Privação intermediária: Criança e adolescente de 0 a 17 anos que vivem em casa com banheiro compartilhado ou com fossa rudimentar

​Privação extrema: Criança e adolescente de 0 a 17 anos que vivem em casa sem banheiro ou com vala a céu aberto

​ABSOLUTA PRIORIDADE

No artigo 227, a Constituição Federal de 1988 determina que a família, a sociedade e o Estado têm o dever de assegurar os direitos das crianças e dos adolescentes com “absoluta prioridade”. “É o único lugar da nossa constituição que aparece esse termo”, afirma Ana Claudia Cifali, coordenadora jurídica do Instituto Alana, organização da sociedade civil que atua pelo direito de crianças e adolescentes.

​Nesse contexto, a advogada destaca o impacto que as experiências nessa etapa têm para o desenvolvimento dessas pessoas, com consequências que podem acompanhá-las pelo resto da vida. Com isso, as desigualdades sociais afetam a criança “nos seus múltiplos direitos”. “Nesse período da vida, a ausência de uma nutrição adequada, de saneamento básico vão afetar toda uma trajetória. Está relacionado ao crescimento, à melhor resposta imunológica a possíveis infecções”, exemplifica.

​Em relação à falta de acesso a saneamento básico adequado, Ana Claudia Cifali destaca o impacto na saúde da população ao citar a mortalidade infantil por diarreia. “Essa questão está muito relacionada ao rotavírus, responsável pela maior parte desses casos (e para o qual há vacina).

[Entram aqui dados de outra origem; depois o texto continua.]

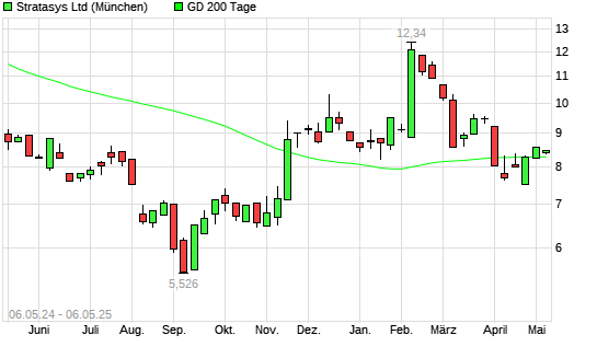 Mit dem Anstieg auf 8,46 EUR hat die Stratasys-Aktie am 05.05.2025 die 200-Tage-Linie nach oben gekreuzt.
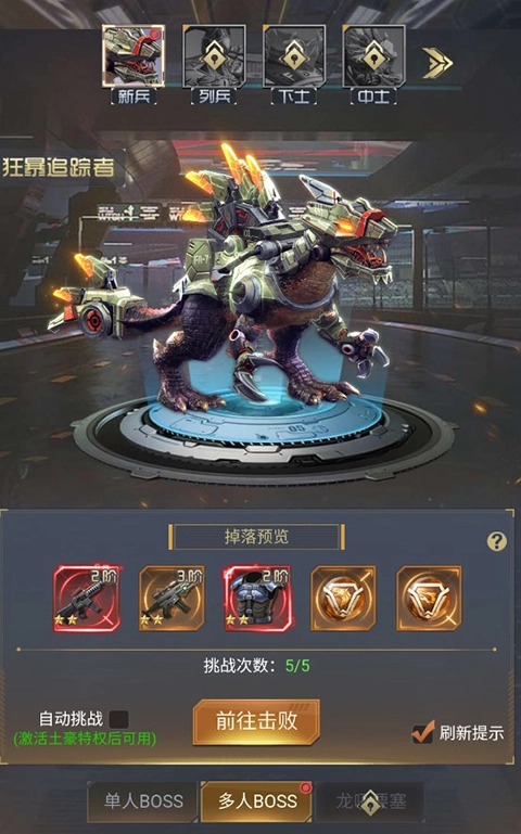 击杀单人boss可以获得人物装备,玩家等级和晋升等级越高,解锁的BOSS越多,每个BOSS每日均可挑战2次,SVIP2可激活一键扫荡,直接获得奖励。

Então, também tem uma questão de acesso à informação e da importância da imunização”, avalia.

​Para garantir os direitos das crianças e dos adolescentes, a advogada aponta a necessidade de se fazer “um bom diagnóstico” das principais necessidades de cada estado, município ou comunidade e garantir a destinação de orçamento para suprir essas demandas.

​Ela defende, ainda, a importância da participação popular e de as autoridades ouvirem quem vivencia as dificuldades no cotidiano. “É nos territórios que as pessoas sabem as necessidades mais urgentes. Esses dados do Censo ajudam a ter um direcionamento, mas cabe ao poder público dialogar com essas comunidades e traçar planos para superar esses problemas”, finaliza.

​RETRATO DOS DOMICÍLIOS

Os dados publicados pelo IBGE na última semana trazem informações relativas às características dos domicílios coletadas no Questionário Básico da pesquisa. Eles referem-se aos domicílios ocupados — aqueles com morador, uma vez que o questionário não foi aplicado nos domicílios vagos ou de uso ocasional.

​Além disso, as informações estão restritas aos domicílios particulares permanentes, que foram construídos a fim de servir exclusivamente para habitação e, na data de referência, tinha a finalidade de servir de moradia a uma ou mais pessoas.

No caso de domicílios particulares improvisados (sem dependências destinadas exclusivamente à moradia) e dos domicílios coletivos com morador (asilos, conventos e pensões, entre outros), as edições anteriores dos censos brasileiros aplicavam o questionário para a coleta de informações relativas aos moradores, mas não às características dos domicílios. Essa prática foi mantida no Censo 2022.